3.1. Characterization of MERS-CoV RBD protein fragments

Five human IgG Fc-fused fragments representing the defined RBD residues 358-588, 367-588, 367-606, and 377-588 of MERS-CoV spike protein and the RBD residues 350-588 control were constructed, expressed, and subjected to antigenicity measurement, using the procedures as previously described (Fig. 1B) [18]. All five RBD fragments were expressed at high levels from culture supernatants of transfected 293 T cells and purified to high homogeneity. The C-terminal Fc tag strongly promoted formation of RBD dimers, as evidenced by the almost twice of the molecular weight of non-denatured versus denatured proteins (Fig. 1C, top). These recombinant RBD fragments reacted strongly with polyclonal antibodies specifically raised in mice against recombinant S1 protein of MERS-CoV (Fig. 1C, bottom), suggesting that they are in their native and antigenic conformation.

Fig. 1.

Fig. 1

Construction and characterization of MERS-CoV RBD protein fragments. (A) Schematic structure of MERS-CoV S1 subunit. SP, signal peptide. (B) Constructed plasmids encoding MERS-CoV RBD fragments fused with human IgG Fc. IL2ss: IL2 signal sequence that directs the secretion of the expressed protein into the culture supernatant. (C) SDS-PAGE and Western blot analysis of the purified RBD fragments. Denatured (boiled) or non-denatured (nonboiled) samples (5 μg) were subjected to SDS-PAGE (top) and Western blot analysis (bottom) using anti-MERS-CoV S1 antibodies. The molecular weight marker (kDa) is indicated on the left.

3.2. Receptor binding affinity of MERS-CoV RBD fragments

Two alternative assays, co-immunoprecipitation and ELISA, were carried out to measure the receptor-binding activities of MERS-CoV RBD fragments. Results from co-immunoprecipitation assay showed that the five MERS-CoV RBD fragments were co-immunoprecipitated with recombinant sDPP4 protein. Two clear bands corresponding to the sizes of DPP4 and respective Fc-fused MERS-CoV RBD fragments were readily revealed with anti-DPP4- and anti-MERS-CoV S1-specific antibodies, whereas a single band with a molecular weight corresponding to DPP4 was detected in the sample containing only sDPP4 (Fig. 2A, left). In addition, each of the five MERS-CoV RBD fragments co-immunoprecipitated cell-associated DPP4 anchored on Huh-7 cells, in which target proteins with anticipated sizes were identified using anti-DPP4- and anti-MERS-CoV S1-specific antibodies, respectively (Fig. 2A, right). Thus, co-immunoprecipitation assay demonstrated that all of the five RBD fragments specifically interact with MERS-CoV's receptor DPP4.

Fig. 2.

Fig. 2

Receptor-binding affinity of MERS-CoV RBD fragments. (A) Co-immunoprecipitation assays, followed by Western blot analyses, were performed to determine the binding affinity between the RBD fragments and DPP4 receptor. Briefly, purified recombinant RBD fragments were incubated with either 10 μg sDPP4 (left) or DPP4-expressing Huh-7 cells (right) in the presence of Protein A Sepharose beads before subjecting to Western blot analysis with either anti-DPP4 (1 μg/ml, top) or anti-MERS-CoV S1 antibodies (1:1000, bottom). (B) ELISA was carried out to measure the binding affinity between the RBD fragments and recombinant sDPP4. Recombinant human IgG Fc (hIgG-Fc) protein was included as the negative control. There were significant differences between three of the RBD fragments (S358-588-Fc, S367-588-Fc, and S377-588-Fc) and the other two (S350-588-Fc and S367-606-Fc) both at 50 (*) and 12.5 (#) μg/ml, respectively.

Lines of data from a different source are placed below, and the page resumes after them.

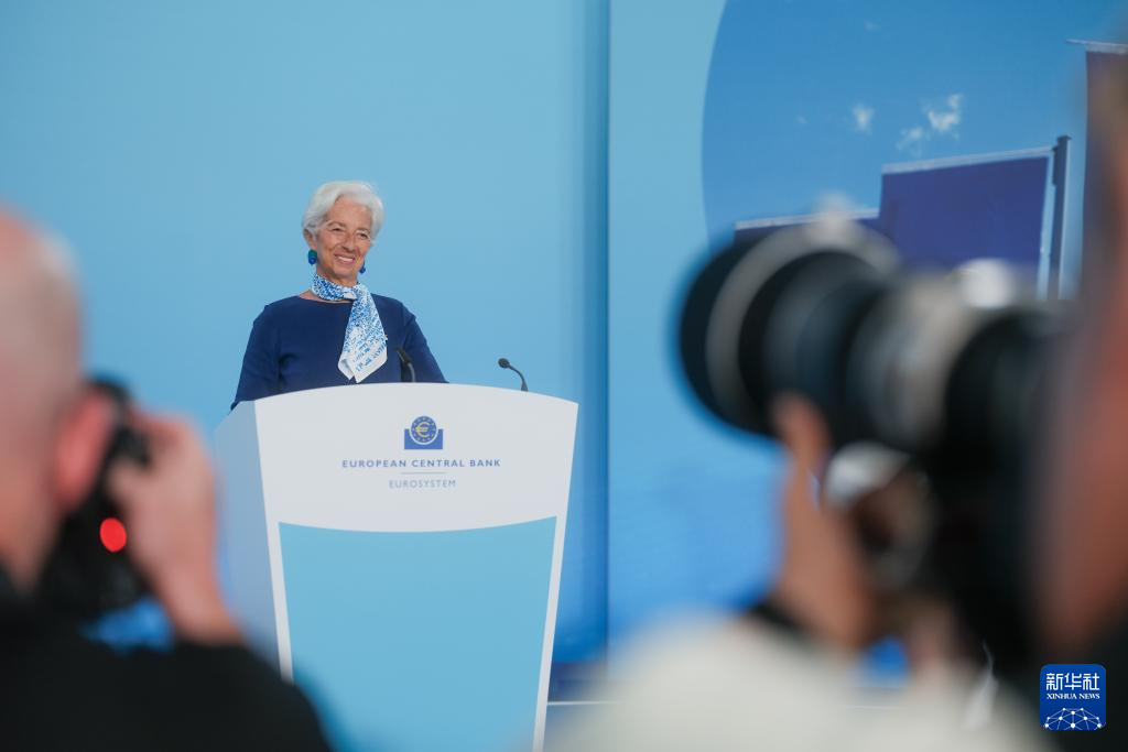 7月24日,欧洲央行行长拉加德在德国法兰克福欧洲央行总部出席新闻发布会。新华社发(欧洲央行供图)
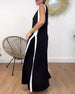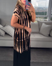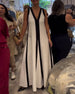 Trendig ärmlös klänning med V-ringad kontrasttryck
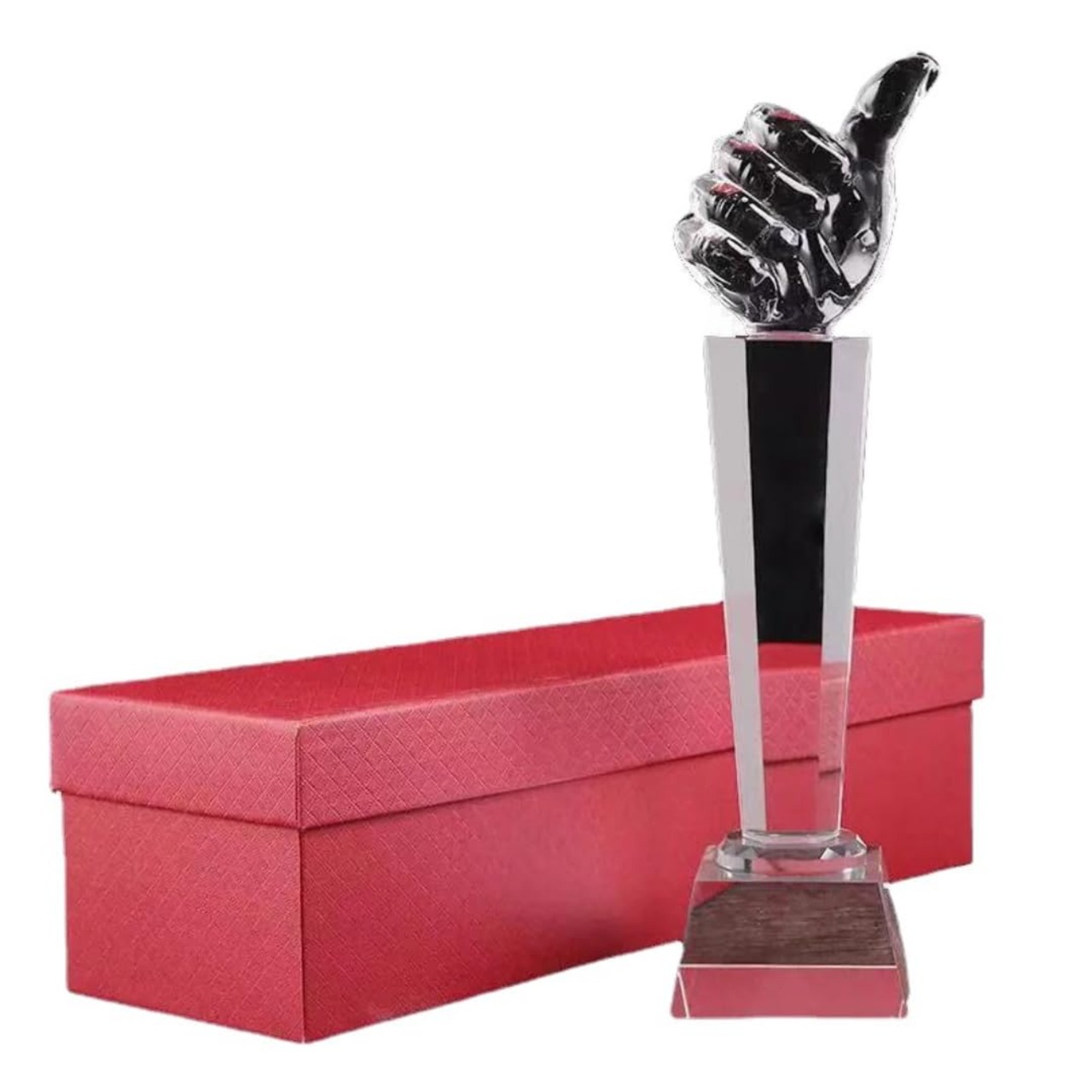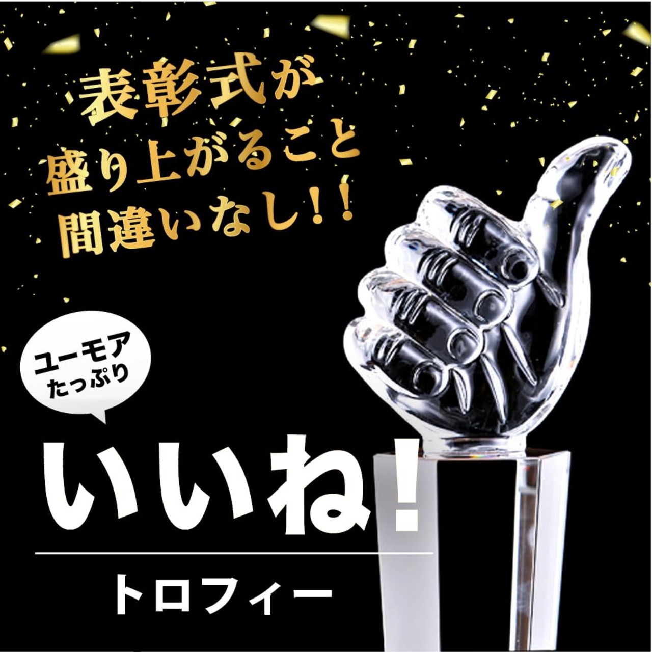 【見た目がゴージャス】人工クリスタルガラス素材が光り輝いているので見た目がゴージャスでインパクトがあります。大会やイベントなどでメダルや賞状と一緒に優勝者に渡してもとても喜ばれます。いいねマークの面白いトロフィーは老若男女問わずその場を楽しく盛り上げてくれます。
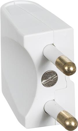 Flad hanstik uden jord til montering på ledning. Passer til runde hunstik. 250V, 16 Amp.

ELISA was then performed by adding MERS-CoV RBD fragments to the plates coated with a fixed amount of sDPP4, followed by identification of the binding affinity based on the OD values at 450 nm. While all of the tested MERS-CoV RBDs were capable of binding to sDPP4, we noted the existence of their differential binding capacity, as shown in Fig. 2B. Among the five RBD fragments, S358-588-Fc, S367-588-Fc and S377-588-Fc possessed significantly higher DPP4-binding affinity than S350-588-Fc and S367-606-Fc at concentrations of 50 and 12.5 μg/ml, respectively. As expected, the control hIgG-Fc protein did not show any specific binding to sDPP4 (Fig. 2B). Therefore, the extended N- or C-terminus of MERS-CoV RBD fragments appears to have negative effect on the receptor-binding activity.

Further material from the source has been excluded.